REQUIRED WORK.
For this exercise, write each entry below out precisely and omit the pictures.

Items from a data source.
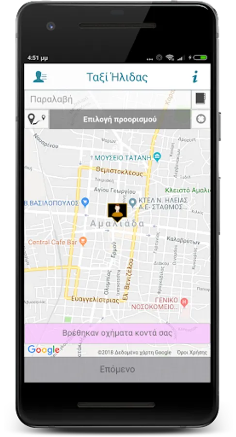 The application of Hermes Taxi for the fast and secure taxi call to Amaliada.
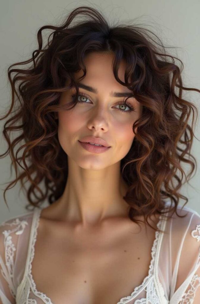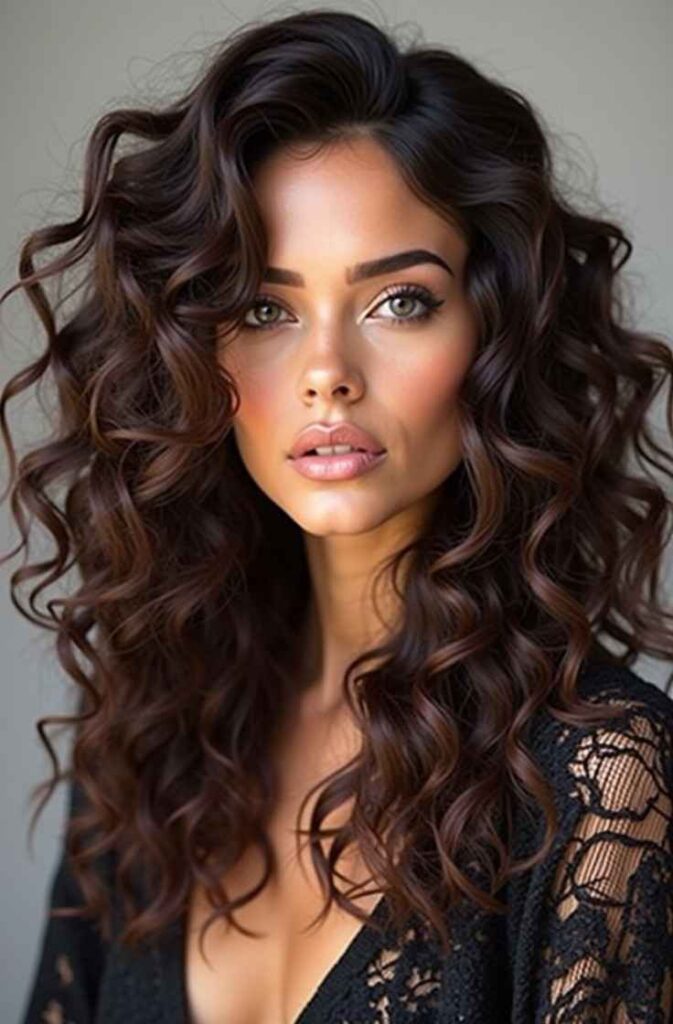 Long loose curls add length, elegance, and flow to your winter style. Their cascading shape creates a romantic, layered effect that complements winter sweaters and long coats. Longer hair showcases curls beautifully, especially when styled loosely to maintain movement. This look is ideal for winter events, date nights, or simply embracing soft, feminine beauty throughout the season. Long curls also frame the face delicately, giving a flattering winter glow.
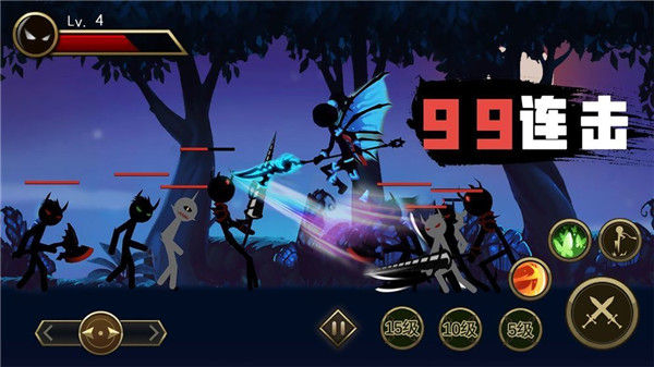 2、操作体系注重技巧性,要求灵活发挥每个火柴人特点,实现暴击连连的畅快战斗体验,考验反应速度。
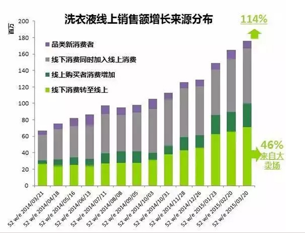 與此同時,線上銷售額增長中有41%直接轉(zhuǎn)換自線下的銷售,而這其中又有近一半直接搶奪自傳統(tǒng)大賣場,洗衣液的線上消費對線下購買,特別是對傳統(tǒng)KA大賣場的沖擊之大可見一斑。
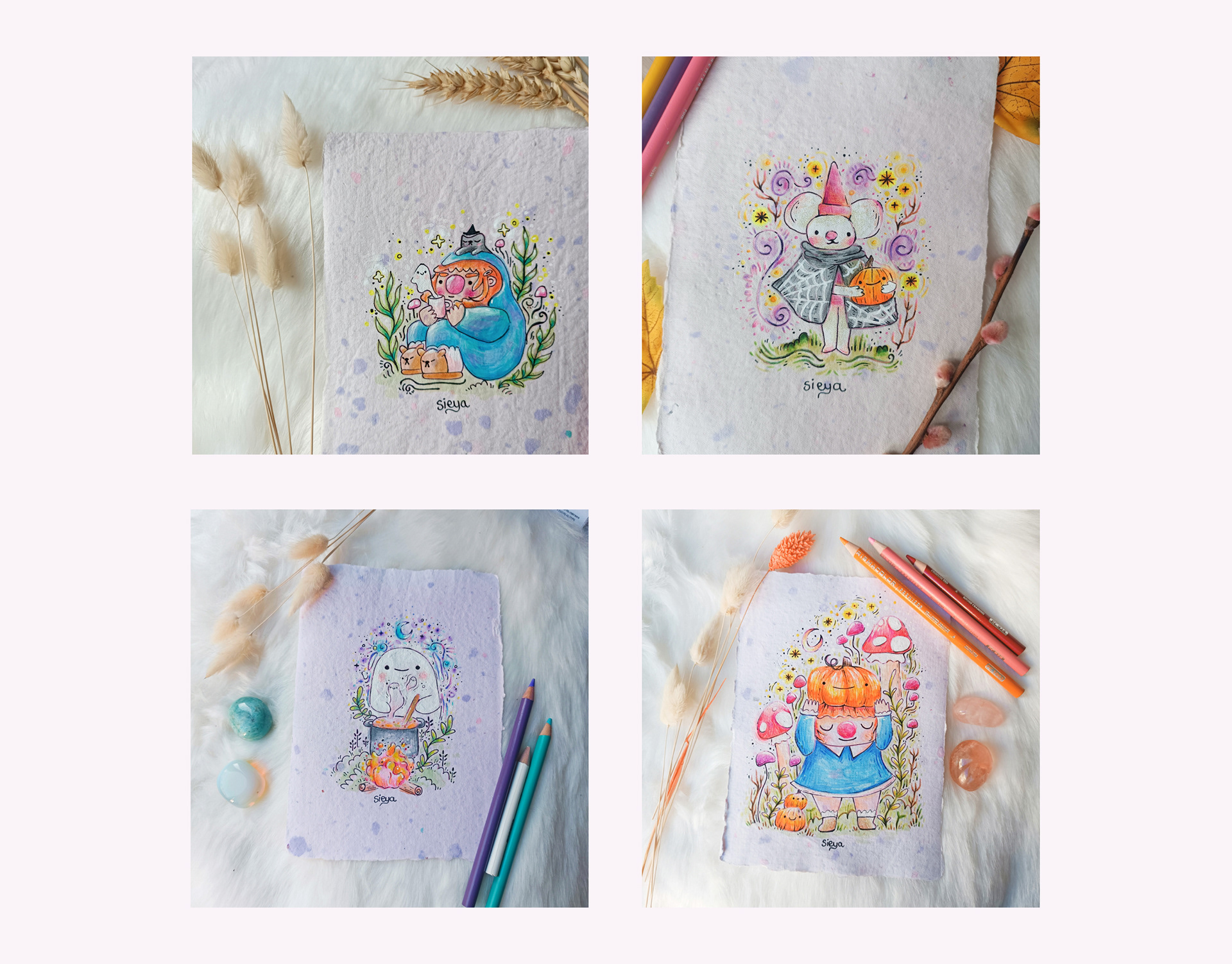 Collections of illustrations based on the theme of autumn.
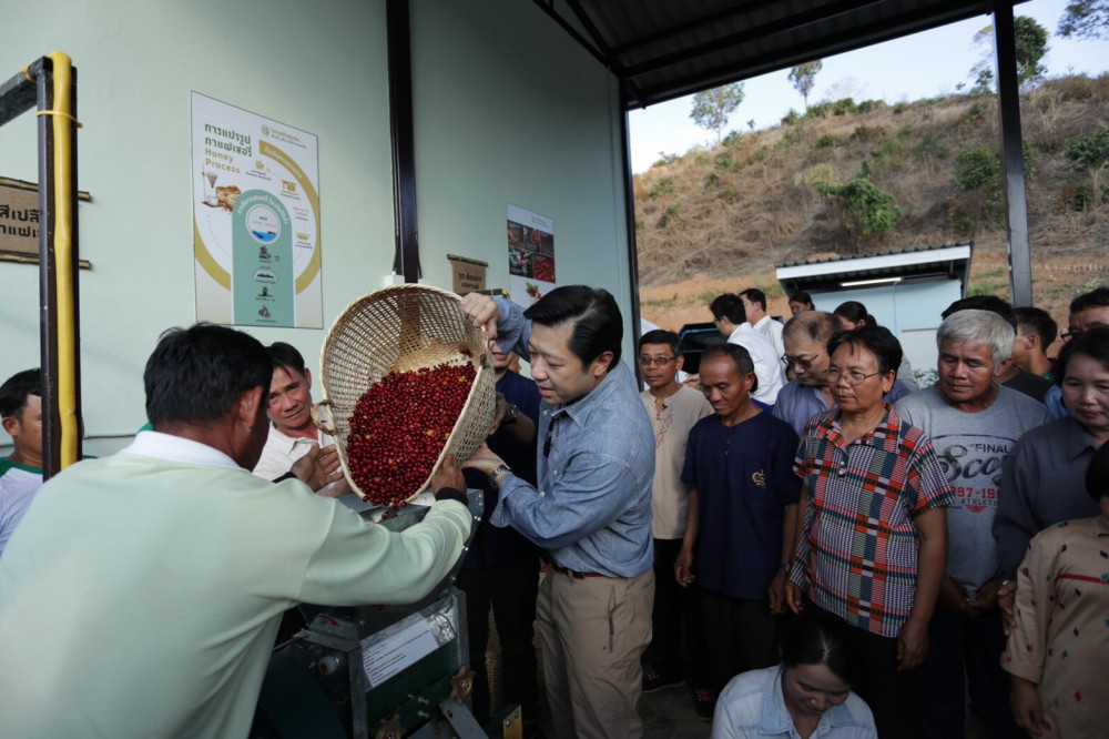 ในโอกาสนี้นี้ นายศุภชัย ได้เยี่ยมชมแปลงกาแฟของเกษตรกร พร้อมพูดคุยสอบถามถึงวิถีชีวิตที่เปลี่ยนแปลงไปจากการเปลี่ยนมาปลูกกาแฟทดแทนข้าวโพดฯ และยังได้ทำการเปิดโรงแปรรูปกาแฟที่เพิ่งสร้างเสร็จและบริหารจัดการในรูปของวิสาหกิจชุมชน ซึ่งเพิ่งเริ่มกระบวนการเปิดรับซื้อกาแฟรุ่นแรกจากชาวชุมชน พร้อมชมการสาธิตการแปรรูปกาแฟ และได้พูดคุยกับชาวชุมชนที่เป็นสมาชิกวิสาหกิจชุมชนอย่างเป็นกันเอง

ANSWER TO THE EXERCISE.
 The application of Hermes Taxi for the fast and secure taxi call to Amaliada.
 Long loose curls add length, elegance, and flow to your winter style. Their cascading shape creates a romantic, layered effect that complements winter sweaters and long coats. Longer hair showcases curls beautifully, especially when styled loosely to maintain movement. This look is ideal for winter events, date nights, or simply embracing soft, feminine beauty throughout the season. Long curls also frame the face delicately, giving a flattering winter glow.
 2、操作体系注重技巧性,要求灵活发挥每个火柴人特点,实现暴击连连的畅快战斗体验,考验反应速度。
 與此同時,線上銷售額增長中有41%直接轉(zhuǎn)換自線下的銷售,而這其中又有近一半直接搶奪自傳統(tǒng)大賣場,洗衣液的線上消費對線下購買,特別是對傳統(tǒng)KA大賣場的沖擊之大可見一斑。
 Collections of illustrations based on the theme of autumn.
 ในโอกาสนี้นี้ นายศุภชัย ได้เยี่ยมชมแปลงกาแฟของเกษตรกร พร้อมพูดคุยสอบถามถึงวิถีชีวิตที่เปลี่ยนแปลงไปจากการเปลี่ยนมาปลูกกาแฟทดแทนข้าวโพดฯ และยังได้ทำการเปิดโรงแปรรูปกาแฟที่เพิ่งสร้างเสร็จและบริหารจัดการในรูปของวิสาหกิจชุมชน ซึ่งเพิ่งเริ่มกระบวนการเปิดรับซื้อกาแฟรุ่นแรกจากชาวชุมชน พร้อมชมการสาธิตการแปรรูปกาแฟ และได้พูดคุยกับชาวชุมชนที่เป็นสมาชิกวิสาหกิจชุมชนอย่างเป็นกันเอง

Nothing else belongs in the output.